Снова скажем, что идея лосса — заставить эмбеддинги лиц одного человека быть более близкими по некоторому расстоянию, а эмбеддинги лиц разных людей — далекими друг от друга. Общая формула лосса выглядит так:

$$L(e, p, n) = max\{d(a, p) - d(a, n) + margin, 0\},$$

здесь
- $e$ — эмбеддинг входного лица (output модели)
- $p$ — "positive" эмбеддинг для входного лица (т.е. эмбеддинг такого элемента, что мы хотим, чтобы $e$ и $p$ были близки. В нашем случае это значит, что $e$ и $p$ должны быть выходами сети на два разных фото одного и того же человека).
- $n$ — "negative" эмбеддинг для входного лица (т.е. эмбеддинг такого элемента, что мы хотим, чтобы $e$ и $p$ были далеки. В нашем случае это значит, что $e$ и $p$ должны быть выходами сети на два разных фото разных людей).
- $d(x, y)$ — метрика расстояния между эмбеддингами, по которой мы их сравниваем.
- margin — гиперпараметр, который заставляет $d(a, p)$ и $d(a, n)$ быть еще дальше друг от друга.

**Эмбеддинги $e$, $p$ и $n$ нужно нормализовать, прежде чем подавать в лосс-функцию**.
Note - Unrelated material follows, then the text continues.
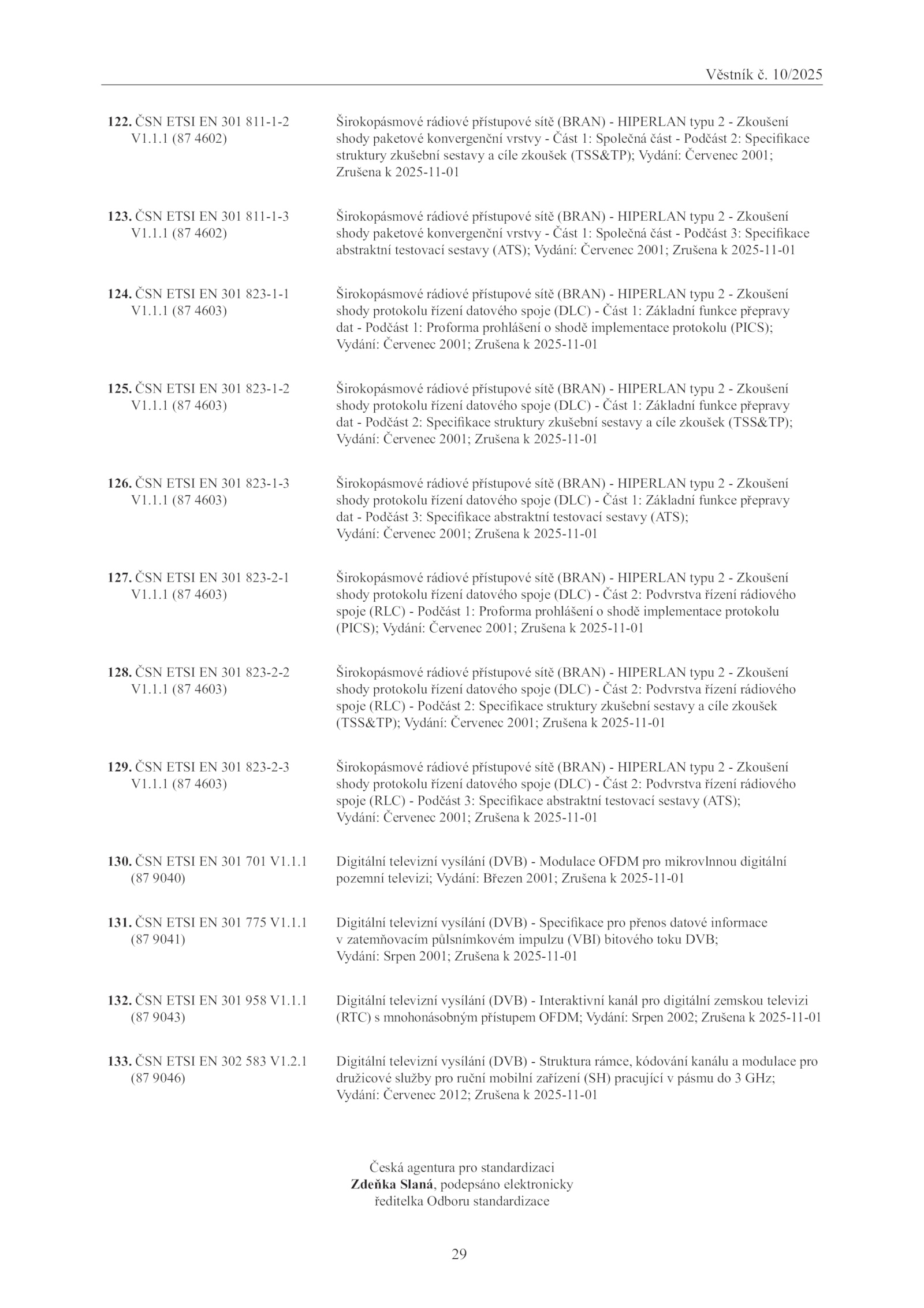 1. ČSN ETSI 301 701 V1. ČSN ETSI 301 811-1-2 V1.1 (87 4603) Širokopásmové rádiové přístupové sítě (BRAN) HIPERLAN typu Zkoušení shody protokolu řízení datového spoje (DLC) Část Základní funkce přepravy dat Podčást Specifikace abstraktní testovací sestavy (ATS); Vydání: Červenec 2001; Zrušena 2025-11-01 127. ČSN ETSI 301 823-1-2 V1. ČSN ETSI 301 775 V1. ČSN ETSI 301 823-1-3 V1.1.29 Věstník 10/2025 122. ČSN ETSI 302 583 V1.1 (87 9046) Digitální televizní vysílání (DVB) Struktura rámce, kódování kanálu modulace pro družicové služby pro ruční mobilní zařízení (SH) pracující pásmu GHz; Vydání: Červenec 2012; Zrušena 2025-11-01 Česká agentura pro standardizaci Zdeňka Slaná, podepsáno elektronicky ředitelka Odboru standardizace . ČSN ETSI 301 958 V1.1 (87 9040) Digitální televizní vysílání (DVB) Modulace OFDM pro mikrovlnnou digitální pozemní televizi; Vydání: Březen 2001; Zrušena 2025-11-01 131.1.1.1.1.1 (87 4603) Širokopásmové rádiové přístupové sítě (BRAN) HIPERLAN typu Zkoušení shody protokolu řízení datového spoje (DLC) Část Podvrstva řízení rádiového spoje (RLC) Podčást Specifikace struktury zkušební sestavy cíle zkoušek (TSS&TP); Vydání: Červenec 2001; Zrušena 2025-11-01 129.1 (87 4603) Širokopásmové rádiové přístupové sítě (BRAN) HIPERLAN typu Zkoušení shody protokolu řízení datového spoje (DLC) Část Základní funkce přepravy dat Podčást Specifikace struktury zkušební sestavy cíle zkoušek (TSS&TP); Vydání: Červenec 2001; Zrušena 2025-11-01 126. ČSN ETSI 301 823-2-1 V1.1 (87 4602) Širokopásmové rádiové přístupové sítě (BRAN) HIPERLAN typu Zkoušení shody paketové konvergenční vrstvy Část Společná část Podčást Specifikace abstraktní testovací sestavy (ATS); Vydání: Červenec 2001; Zrušena 2025-11-01 124.1. ČSN ETSI 301 823-1-1 V1. ČSN ETSI 301 823-2-2 V1.1.1 (87 4603) Širokopásmové rádiové přístupové sítě (BRAN) HIPERLAN typu Zkoušení shody protokolu řízení datového spoje (DLC) Část Podvrstva řízení rádiového spoje (RLC) Podčást Proforma prohlášení shodě implementace protokolu (PICS); Vydání: Červenec 2001; Zrušena 2025-11-01 128.1.1.2.1 (87 4602) Širokopásmové rádiové přístupové sítě (BRAN) HIPERLAN typu Zkoušení shody paketové konvergenční vrstvy Část Společná část Podčást Specifikace struktury zkušební sestavy cíle zkoušek (TSS&TP); Vydání: Červenec 2001; Zrušena 2025-11-01 123.1 (87 4603) Širokopásmové rádiové přístupové sítě (BRAN) HIPERLAN typu Zkoušení shody protokolu řízení datového spoje (DLC) Část Základní funkce přepravy dat Podčást Proforma prohlášení shodě implementace protokolu (PICS); Vydání: Červenec 2001; Zrušena 2025-11-01 125.1 (87 9041) Digitální televizní vysílání (DVB) Specifikace pro přenos datové informace v zatemňovacím půlsnímkovém impulzu (VBI) bitového toku DVB; Vydání: Srpen 2001; Zrušena 2025-11-01 132. ČSN ETSI 301 823-2-3 V1. ČSN ETSI 301 811-1-3 V1.1.1 (87 4603) Širokopásmové rádiové přístupové sítě (BRAN) HIPERLAN typu Zkoušení shody protokolu řízení datového spoje (DLC) Část Podvrstva řízení rádiového spoje (RLC) Podčást Specifikace abstraktní testovací sestavy (ATS); Vydání: Červenec 2001; Zrušena 2025-11-01 130.1 (87 9043) Digitální televizní vysílání (DVB) Interaktivní kanál pro digitální zemskou televizi (RTC) mnohonásobným přístupem OFDM; Vydání: Srpen 2002; Zrušena 2025-11-01 133

У TripletLoss есть куча разных вариаций. В некоторых из них больше гиперпараметров, в других предлагают использовать больше одного позитивного и негативного эмбеддинга за раз. Где-то предлагается умный способ выбора negative эмбеддинга (например, выбирается такой, на котором нейросеть пока плохо работает, т.е. считает $e$ и $n$ близкими).

Пример реализации TripletLoss можно найти [здесь](https://pytorch.org/docs/stable/generated/torch.nn.TripletMarginWithDistanceLoss.html#torch.nn.TripletMarginWithDistanceLoss).

Будьте готовы, что TripletLoss придется настраивать, чтобы добиться хорошего результата при обучении сети.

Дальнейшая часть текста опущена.